Console.Write(“({0},{1})  “, tempvertex[index], graph.vertex[index]);

// Identify the minimum node obtained as accessed
weight[index] = short.MaxValue;
tempvertex[index] = 0;

// Starting from the latest node, the weights of this node are evaluated.
for (int j = 0; j < graph.vertexNum; j++)
{
// Re-select the smallest edge from the current node
if (graph.edges[index, j] < weight[j] && tempvertex[j] != used)
{
weight[j] = graph.edges[index, j];

// The purpose here is to cover the longer edges in the adjacent points of a node at a shorter edge cover point.
tempvertex[j] = int.Parse(graph.vertex[index]);
}
}
}
}
#endregion

# region Dijkstra finds the shortest path
/// <summary>
/// Dijkstra Finds the Shortest Path
/// </summary>
/// <param name=”g”></param>
public void Dijkstra(MatrixGraph g)
{
int[] weight = new int[g.vertexNum];

int[] path = new int[g.vertexNum];

int[] tempvertex = new int[g.vertexNum];

Console. WriteLine (” n Please enter the number of the source point:”);

// Let the user enter the starting point to traverse
int vertex = int.Parse(Console.ReadLine()) – 1;

for (int i = 0; i < g.vertexNum; i++)
{
// Initial weighting
weight[i] = g.edges[vertex, i];

if (weight[i] < short.MaxValue && weight[i] > 0)
path[i] = vertex;

tempvertex[i] = 0;
}

tempvertex[vertex] = 1;
weight[vertex] = 0;

for (int i = 0; i < g.vertexNum; i++)
{
int min = short.MaxValue;

int index = vertex;

for (int j = 0; j < g.vertexNum; j++)
{
// Find the smallest among the weights of vertices
if (tempvertex[j] == 0 && weight[j] < min)
{
min = weight[j];
index = j;
}
}

tempvertex[index] = 1;

// Take the current index as the middle point to find the minimum weight
for (int j = 0; j < g.vertexNum; j++)
{
if (tempvertex[j] == 0 && weight[index] + g.edges[index, j] < weight[j])
{
weight[j] = weight[index] + g.edges[index, j];
path[j] = index;
}
}
}

Console.
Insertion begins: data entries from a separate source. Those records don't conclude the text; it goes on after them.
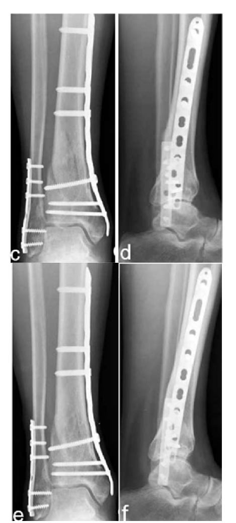
Figure 3: (c-d) 2 weeks Post operative radiographs shows the distal tibia stabilized with LCP using minimally invasive technique and the fibular fracture stabilizes with semi tubular one third plate using ORIF technique, (e-f) Fifteen months postoperative radiographs shows successful union with good alignment.

Lag screws were then placed across the fracture planes to maintain the reduction, to provide inter fragmentary compression, and to increase the stability of the construct. Post-operatively the limb was maintained in the elevated position while the patient was in bed and ambulation begun on first post-operative day in the form of toe-touch weightbearing with crutches. On second post-operative day, gentle exercises for the ankle were begun. Radiographs, including anteroposterior and lateral views were taken at 2weeks, 6 weeks and 3 months post-operatively (Figure 3) to assess healing and alignment. Partial weight-bearing started depending upon their clinical and radiographic evaluation, but in
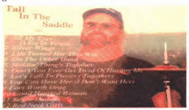
Tall In The Saddle (Country)
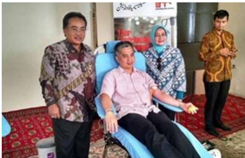
With CG of Indonesia

The Consulate participated in the Sindh Open Bowling tournament.
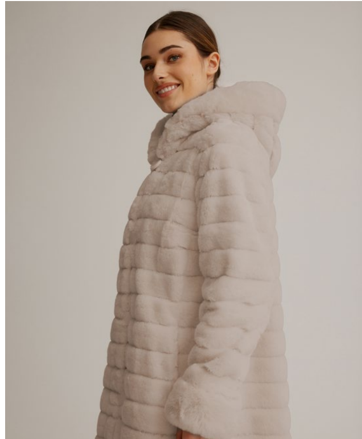
K4129R-164 COLOR: 093 ECRU (REVERSE SIDE)
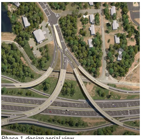
Phase 1 design aerial view
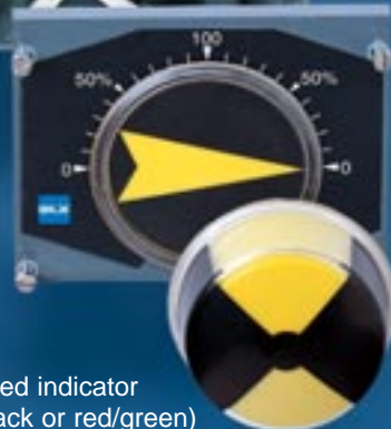
add standard cover with pointed indicator
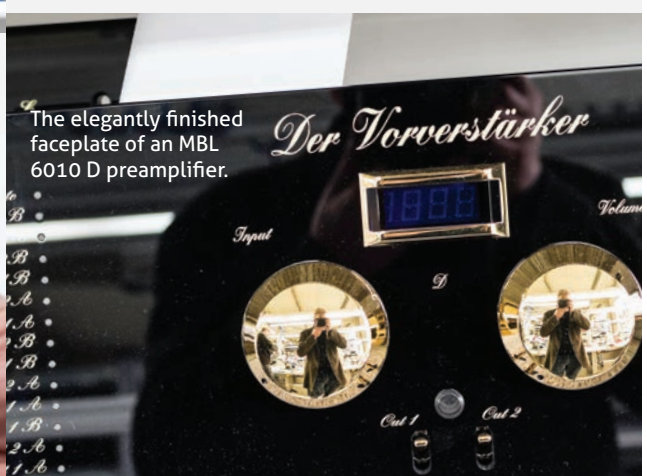
The elegantly finished faceplate of an MBL 6010 D preamplifier.
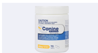
VAL1220 Canine All Wormer 40kg 70s
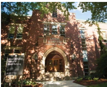
Photo-left: Lottery funds helped put a new roof on the Lionel Hampton School of Music at the University of Idaho.

While thousands upon thousands of people purchased tickets and imagined what they would do when winning the jackpot, Idaho's public schools and the State's permanent facilities realized beneficial improvements. Places like Valley View Elementary in west Boise who constructed a new school vehicle entryway that can safely handle the influx of cars, buses, and students. In north-central Idaho, a much-needed roof replacement and recent facility improvements to the University of Idaho's Lionel Hampton School of Music now provide outstanding facilities to promote great learning. And in eastern Idaho, Pocatello's Wilcox Elementary School built a wall around their computer lab resulting in improved testing scores for their students. These projects showcase how Lottery dividend dollars are translated into meaningful projects that improve student safety and scholastic achievement.
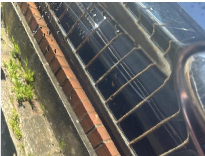
7: Door nsr Scratched Over 25mm Thru Paint
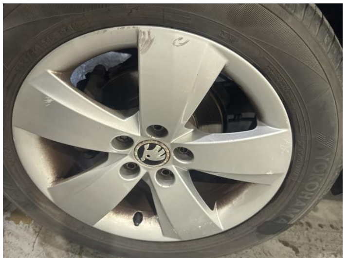
8: Wheel osr Scratched Over 50mm

WriteLine (” n vertex {0} to each vertex the shortest path is: (endpoint < source point)” + g. vertex [vertex]);

// Final output
for (int i = 0; i < g.vertexNum; i++)
{
if (tempvertex[i] == 1)
{
var index = i;

while (index != vertex)
{
var j = index;
Console.Write(“{0} < “, g.vertex[index]);
index = path[index];
}
Console.WriteLine(“{0}\n”, g.vertex[index]);
}
else
{
Console.WriteLine (“{0} <-{1}: no pathn”, g.vertex [i], g.vertex [vertex]);
}
}
}
#endregion
}
} Fast-track algorithm series is now all over, and the company’s algorithm training for us ended last Friday. Ha-ha, catch up with the synchronization. Finally, I hope you can attach importance to the algorithm.

Learn the algorithm well, life-long benefits.